Mutating residues Y407, L368, F405, K370, or D399 resulted in numerous IgG1-EGFR point mutants that could efficiently recombine with IgG1-K409R-CD20 through 2-MEA–mediated FAE (Fig. 1D). Thus, a number of solutions for increased heterodimerization through FAE could be identified. Together, these results show that matched CH3 domains in combination with 2-MEA-mediated FAE can be used to efficiently generate bispecific (bs)IgG1 molecules. From here on, this process is referred to as controlled (c)FAE, and the specific combination of IgG1-K409R and IgG1-F405L was subjected to further in-depth analysis.
cFAE Is an Efficient and Flexible Process with Linear Scalability.
To determine the optimal conditions for cFAE, the influence of several parameters on the generation of bsAb, from an equimolar mixture of IgG1-F405L-EGFR and IgG1-K409R-CD20 (1 mg/mL total IgG in PBS), was studied by means of dual-binding ELISA. Testing various incubation temperatures (0, 15, 25, and 37 °C) as a function of time revealed that maximal exchange, mediated by 25 mM 2-MEA, could be observed by incubating at least 60 min at 37 °C or 180 min at 25 °C (Fig. 2A). Varying the 2-MEA concentration (0–50 mM) during a 90-min incubation at 37 °C showed that exchange occurred at concentrations greater than 2 mM 2-MEA, and maximal exchange could be observed at concentrations of 25 mM 2-MEA and higher (Fig. 2B), thus confirming previous findings (Fig. S2). Under the same conditions, a mixture of IgG4-EGFR and IgG4-CD20 showed lower levels of bispecificity; however, the exchange occurred over a wider 2-MEA concentration range (Fig. 2B).
Fig. 2.
Defining the conditions for cFAE. (A) Generation of bsAbs by cFAE (25 mM 2-MEA) at different temperatures as a function of time was assessed by dual-binding ELISA. One representative experiment is shown. Data represent dual-binding at total antibody concentrations of 1 μg/mL. (B) Generation of bsAbs by cFAE (90 min at 37 °C) in response to increasing 2-MEA concentrations was assessed by dual-binding ELISA (black symbols, left y axis) and ESI-MS (blue symbols, right y axis). Mixtures of IgG4 molecules (circles) were included as controls. Data represent mean ± SEM of at least two separate experiments at a total antibody concentration of 1 μg/mL. Shaded areas represent peak overlap that precludes accurate species identification by ESI-MS. (C and D) Representative deconvoluted ESI-MS spectra (C) and CIEX profiles (D) of parental mAbs and the bsAb product bsIgG1-EGFRxCD20 obtained by cFAE (25 mM 2-MEA, 90 min at 37 °C). (E) Matched CH3 mutations were introduced into several other human mAbs (see Tables S1 and S2 for more details), and the generation of bsAbs by cFAE (25 mM 2-MEA, 90 min at 37 °C) was monitored by CIEX.
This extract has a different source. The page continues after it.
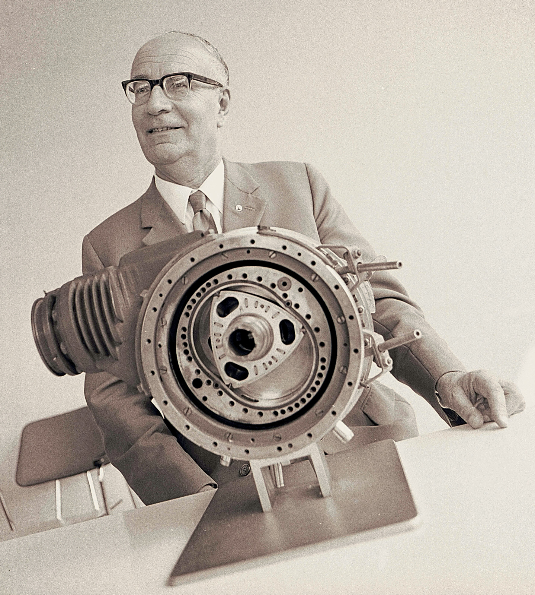Решением стал роторно-поршневой двигатель. Разнообразных роторных двигателей было предложено немало, но до серийного производства «дорос» пока лишь один. В 1957 году конструкторы Феликс Хайнрих Ванкель, Вальтер Фройде и Ханс-Дитер Пашке, работавшие на немецком автомобильном заводе NSU (Neckar Sulm Union) Motorenwerke, запатентовали двигатель, который ныне известен всему миру как двигатель Ванкеля, роторно-поршневой двигатель (РПД), роторный двигатель или же просто — «ванкель». Поначалу он назывался на немецком скромно и не очень понятно — «крайсколбенмотор» (Kreiskolbenmotor, KKM), что буквально означает «кругопоршневой двигатель». Строго говоря, Феликс Ванкель сначала предлагал конструкцию двигателя с вращающимся корпусом. Но опытный Вальтер Фройде убедил его, что это, мягко говоря, не лучший вариант.

Electrospray ionization mass spectrometry (ESI-MS) represents a generic method to discriminate between nonexchanged parental mAbs and the resulting bsAb product with intermediate mass (20, 24). Therefore, ESI-MS was used to visualize the protein species in the samples used to generate the ELISA data in Fig. 2B. This analysis revealed that in accordance with the ELISA data, protein species corresponding to the parental mAbs, IgG1-F405L-EGFR and IgG1-K409R-CD20, were diminished at increasing 2-MEA concentrations, whereas the bsAb product increased accordingly (Fig. 2B, right y axis). The exchange between the corresponding IgG4 molecules resulted in ∼50% bsAb product, as expected at equilibrium with an equimolar input of parent molecules (Fig. 2B). Due to their overlapping molecular weight peaks, however, accurate estimation of small amounts of residual IgG1-F405L-EGFR and IgG1-K409R-CD20 homodimer species was not possible (Fig. 2C).
As ESI-MS data are not inherently quantitative (in addition to the peak overlap noted above), complementary methods to determine cFAE efficiency are required. Here, cation exchange chromatography (CIEX) was used to study cFAE efficiency. In the case of IgG1-F405L-EGFR and IgG1-K409R-CD20, an improved separation of parental mAbs and bsAb product enabled visualization of residual homodimers, and cFAE efficiency was shown to be 95.7% (Fig. 2D). To verify that cFAE can be generally applied, additional bsIgG1 molecules were prepared using additional human mAbs (Tables S1 and S2) and analyzed by CIEX (Fig. 2E). The results show that cFAE can be generally applied to prepare bsIgG1, and efficiencies of 94–98% can routinely be obtained.
The bench-scale cFAE process (0.1–3 mL) was further optimized for large scale, involving exchange at high IgG concentrations at ambient temperature, thus preventing the need for heating of the exchange mixture during manufacturing. For this, IgG (IgG1-F405L-EGFR and IgG1-K409R-CD20) and 2-MEA concentrations were first evaluated as a function of reaction temperature and incubation time. Exchange efficiency was determined by CIEX after removal of residual 2-MEA by gel filtration. Optimal exchange was obtained by incubation of 10 g/L of each homodimer in the presence of 50 mM 2-MEA for 5 h at 25 °C, whereas longer incubation times and higher reaction temperatures resulted in additional basic peaks (Fig. 3A). SDS/PAGE analysis confirmed proper assembly of bsIgG1-EGFR×CD20 after 5 h at 25 °C, whereas overnight incubation resulted in more product-related impurities lacking at least one light chain (Fig. 3B).
Fig. 3.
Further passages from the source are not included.